TASK ITEM: Find "老师、院学工办朱丹老师、翁渊" below and begin at its line; stop after the line with "Deze houten speelset". Output those lines exactly, without pictures.

DATA SHOWN:
───

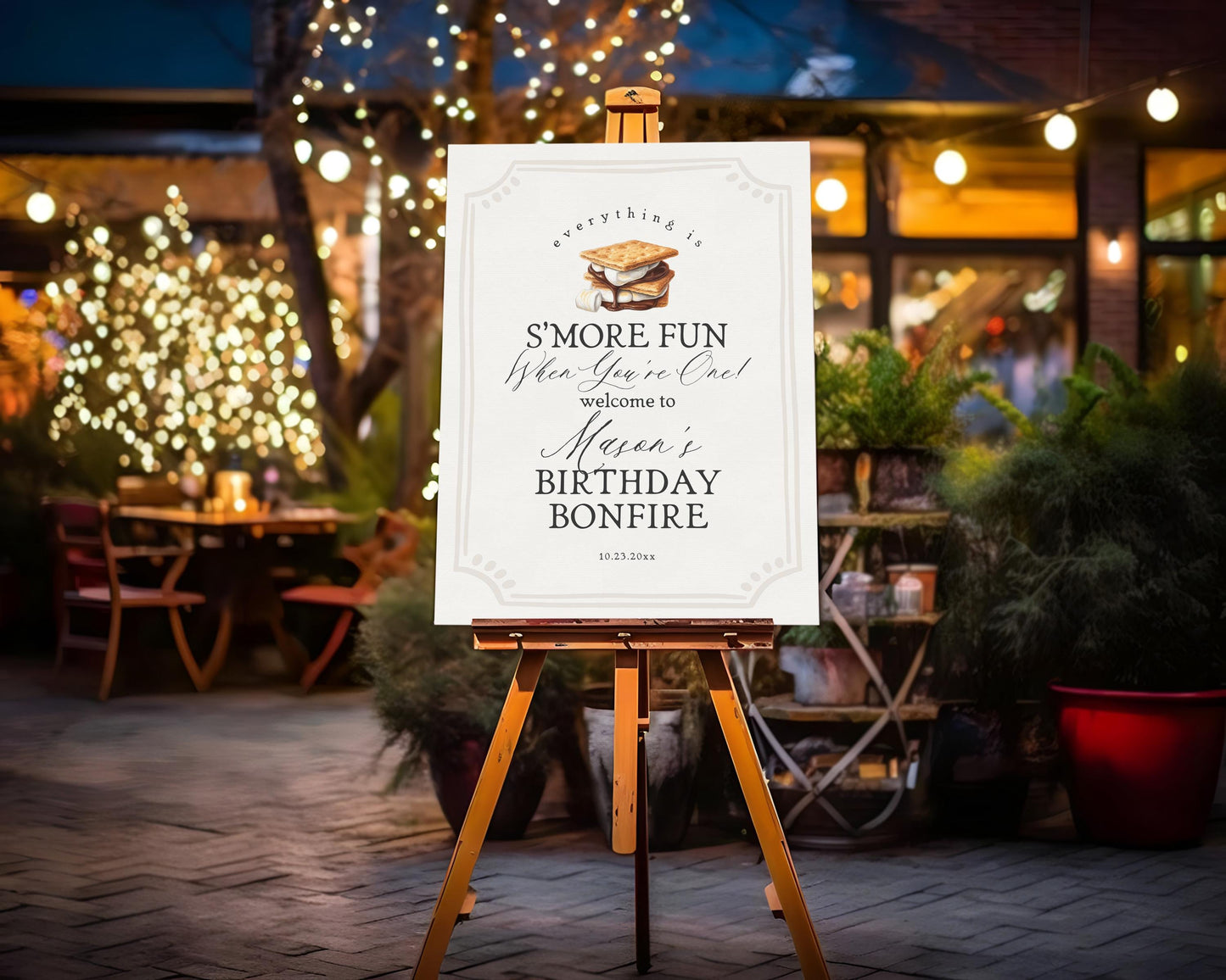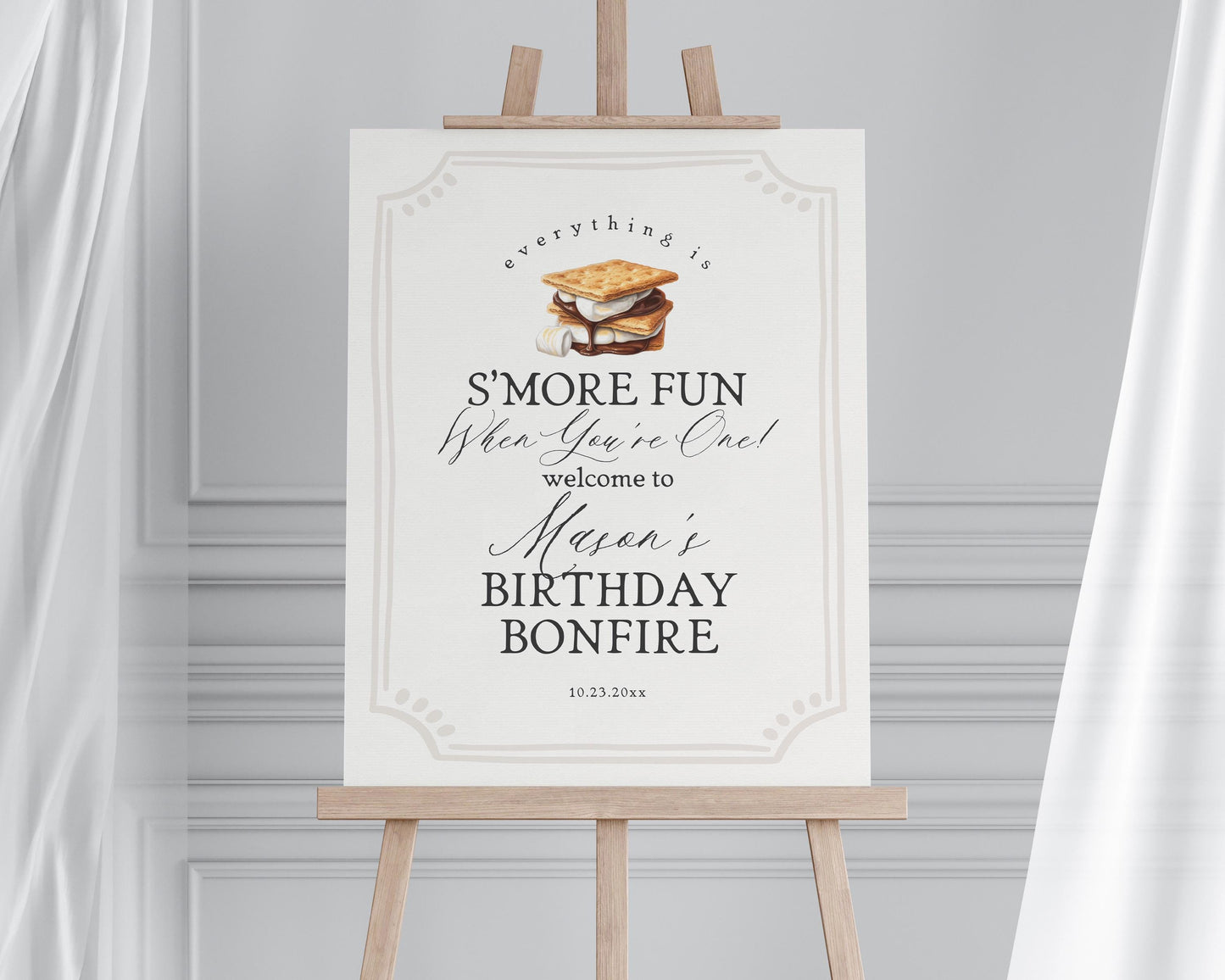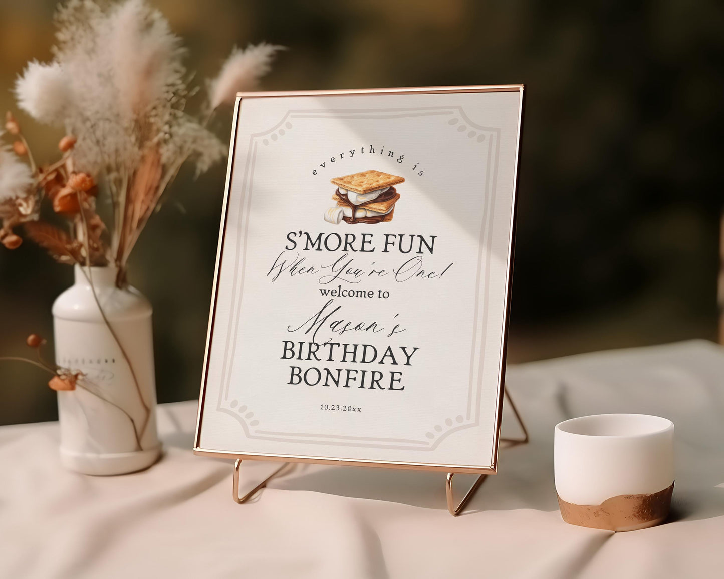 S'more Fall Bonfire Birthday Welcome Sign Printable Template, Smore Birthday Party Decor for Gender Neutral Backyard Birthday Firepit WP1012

───

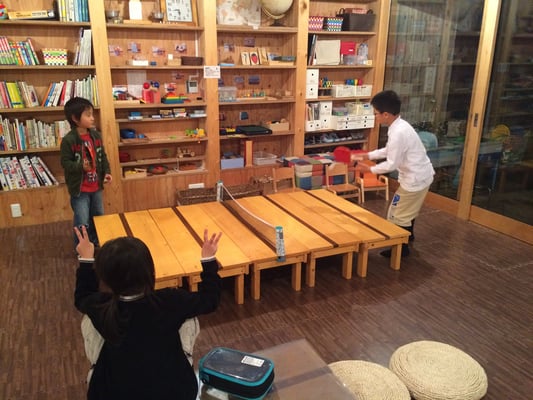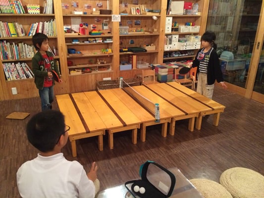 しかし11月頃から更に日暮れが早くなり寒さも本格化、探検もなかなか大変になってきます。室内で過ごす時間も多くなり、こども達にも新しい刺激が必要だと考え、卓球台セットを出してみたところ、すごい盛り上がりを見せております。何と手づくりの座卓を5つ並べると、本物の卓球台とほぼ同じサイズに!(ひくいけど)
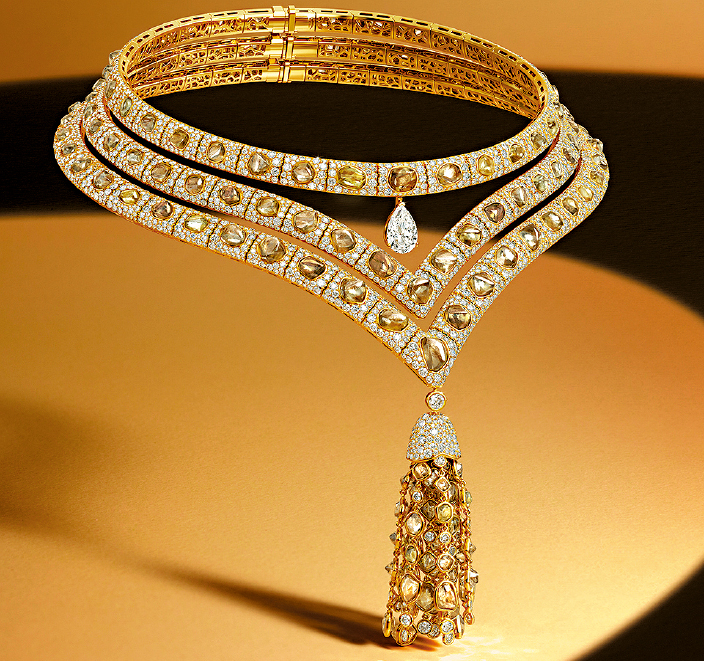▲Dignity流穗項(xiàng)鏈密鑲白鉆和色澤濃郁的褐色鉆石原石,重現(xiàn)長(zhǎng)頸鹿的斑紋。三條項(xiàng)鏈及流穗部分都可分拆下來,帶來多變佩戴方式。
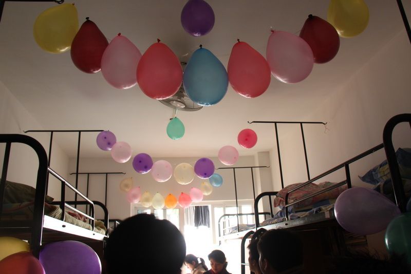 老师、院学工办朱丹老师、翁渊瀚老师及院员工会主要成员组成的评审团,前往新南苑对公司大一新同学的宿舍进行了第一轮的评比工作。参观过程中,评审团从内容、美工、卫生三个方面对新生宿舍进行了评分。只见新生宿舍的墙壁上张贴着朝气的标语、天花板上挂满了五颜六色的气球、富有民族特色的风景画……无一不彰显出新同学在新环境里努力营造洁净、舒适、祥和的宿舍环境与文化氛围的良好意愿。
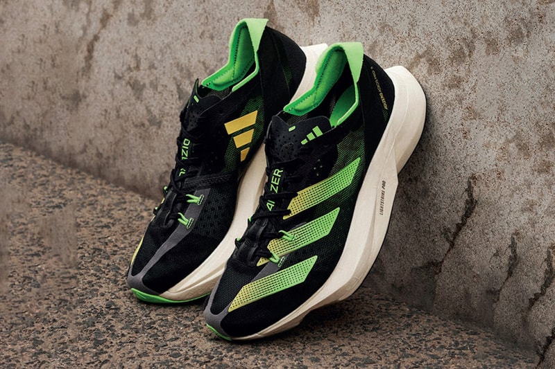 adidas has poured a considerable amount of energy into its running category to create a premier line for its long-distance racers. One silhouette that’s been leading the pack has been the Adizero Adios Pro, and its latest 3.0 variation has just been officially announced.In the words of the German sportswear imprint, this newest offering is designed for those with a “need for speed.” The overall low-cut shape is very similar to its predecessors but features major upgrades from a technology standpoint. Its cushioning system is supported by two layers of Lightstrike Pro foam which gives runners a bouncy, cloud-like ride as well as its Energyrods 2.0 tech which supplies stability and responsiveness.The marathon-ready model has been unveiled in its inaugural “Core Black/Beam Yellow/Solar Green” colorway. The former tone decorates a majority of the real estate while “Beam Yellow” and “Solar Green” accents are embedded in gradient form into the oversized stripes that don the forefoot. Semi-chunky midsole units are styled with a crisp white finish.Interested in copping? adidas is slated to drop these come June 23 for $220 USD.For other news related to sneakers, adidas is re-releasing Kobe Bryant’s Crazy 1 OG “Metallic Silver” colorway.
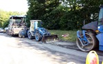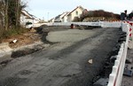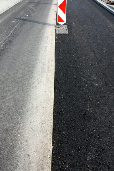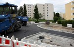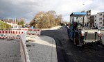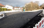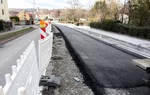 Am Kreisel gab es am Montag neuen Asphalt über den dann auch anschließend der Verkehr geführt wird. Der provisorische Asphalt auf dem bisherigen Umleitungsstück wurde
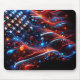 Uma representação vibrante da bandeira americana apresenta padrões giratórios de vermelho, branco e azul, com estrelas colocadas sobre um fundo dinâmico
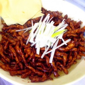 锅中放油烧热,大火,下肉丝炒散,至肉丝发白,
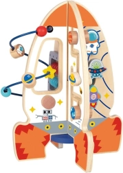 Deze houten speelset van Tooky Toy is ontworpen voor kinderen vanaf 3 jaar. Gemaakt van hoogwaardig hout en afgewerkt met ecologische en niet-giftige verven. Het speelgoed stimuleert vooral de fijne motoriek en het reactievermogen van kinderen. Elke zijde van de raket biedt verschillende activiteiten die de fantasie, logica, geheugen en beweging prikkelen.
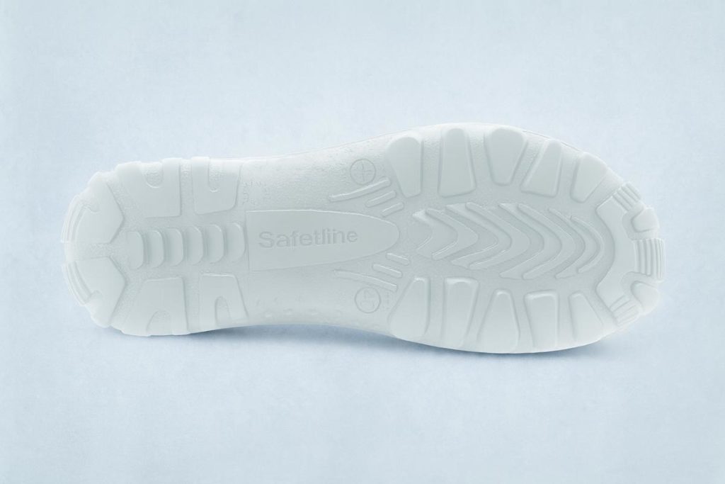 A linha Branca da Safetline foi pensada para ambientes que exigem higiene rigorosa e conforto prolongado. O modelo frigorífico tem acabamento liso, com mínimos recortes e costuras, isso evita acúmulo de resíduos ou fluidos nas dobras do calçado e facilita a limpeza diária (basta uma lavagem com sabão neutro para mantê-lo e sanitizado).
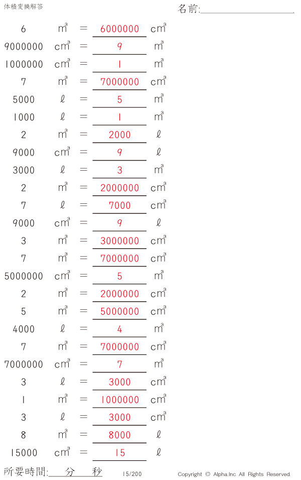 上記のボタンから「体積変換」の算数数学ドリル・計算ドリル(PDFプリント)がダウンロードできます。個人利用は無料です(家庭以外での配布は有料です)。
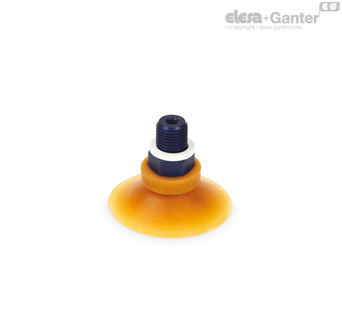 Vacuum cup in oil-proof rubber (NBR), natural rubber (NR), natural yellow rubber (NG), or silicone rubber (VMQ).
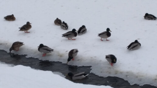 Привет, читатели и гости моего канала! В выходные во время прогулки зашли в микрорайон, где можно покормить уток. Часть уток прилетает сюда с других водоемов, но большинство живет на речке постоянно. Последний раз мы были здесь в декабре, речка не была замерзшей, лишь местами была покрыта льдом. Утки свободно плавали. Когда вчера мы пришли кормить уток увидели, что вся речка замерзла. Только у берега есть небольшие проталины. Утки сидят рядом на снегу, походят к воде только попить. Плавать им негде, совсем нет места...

───

EXERCISE SOLUTION:
 老师、院学工办朱丹老师、翁渊瀚老师及院员工会主要成员组成的评审团,前往新南苑对公司大一新同学的宿舍进行了第一轮的评比工作。参观过程中,评审团从内容、美工、卫生三个方面对新生宿舍进行了评分。只见新生宿舍的墙壁上张贴着朝气的标语、天花板上挂满了五颜六色的气球、富有民族特色的风景画……无一不彰显出新同学在新环境里努力营造洁净、舒适、祥和的宿舍环境与文化氛围的良好意愿。
 adidas has poured a considerable amount of energy into its running category to create a premier line for its long-distance racers. One silhouette that’s been leading the pack has been the Adizero Adios Pro, and its latest 3.0 variation has just been officially announced.In the words of the German sportswear imprint, this newest offering is designed for those with a “need for speed.” The overall low-cut shape is very similar to its predecessors but features major upgrades from a technology standpoint. Its cushioning system is supported by two layers of Lightstrike Pro foam which gives runners a bouncy, cloud-like ride as well as its Energyrods 2.0 tech which supplies stability and responsiveness.The marathon-ready model has been unveiled in its inaugural “Core Black/Beam Yellow/Solar Green” colorway. The former tone decorates a majority of the real estate while “Beam Yellow” and “Solar Green” accents are embedded in gradient form into the oversized stripes that don the forefoot. Semi-chunky midsole units are styled with a crisp white finish.Interested in copping? adidas is slated to drop these come June 23 for $220 USD.For other news related to sneakers, adidas is re-releasing Kobe Bryant’s Crazy 1 OG “Metallic Silver” colorway.
 Am Kreisel gab es am Montag neuen Asphalt über den dann auch anschließend der Verkehr geführt wird. Der provisorische Asphalt auf dem bisherigen Umleitungsstück wurde
 Uma representação vibrante da bandeira americana apresenta padrões giratórios de vermelho, branco e azul, com estrelas colocadas sobre um fundo dinâmico
 锅中放油烧热,大火,下肉丝炒散,至肉丝发白,
 Deze houten speelset van Tooky Toy is ontworpen voor kinderen vanaf 3 jaar. Gemaakt van hoogwaardig hout en afgewerkt met ecologische en niet-giftige verven. Het speelgoed stimuleert vooral de fijne motoriek en het reactievermogen van kinderen. Elke zijde van de raket biedt verschillende activiteiten die de fantasie, logica, geheugen en beweging prikkelen.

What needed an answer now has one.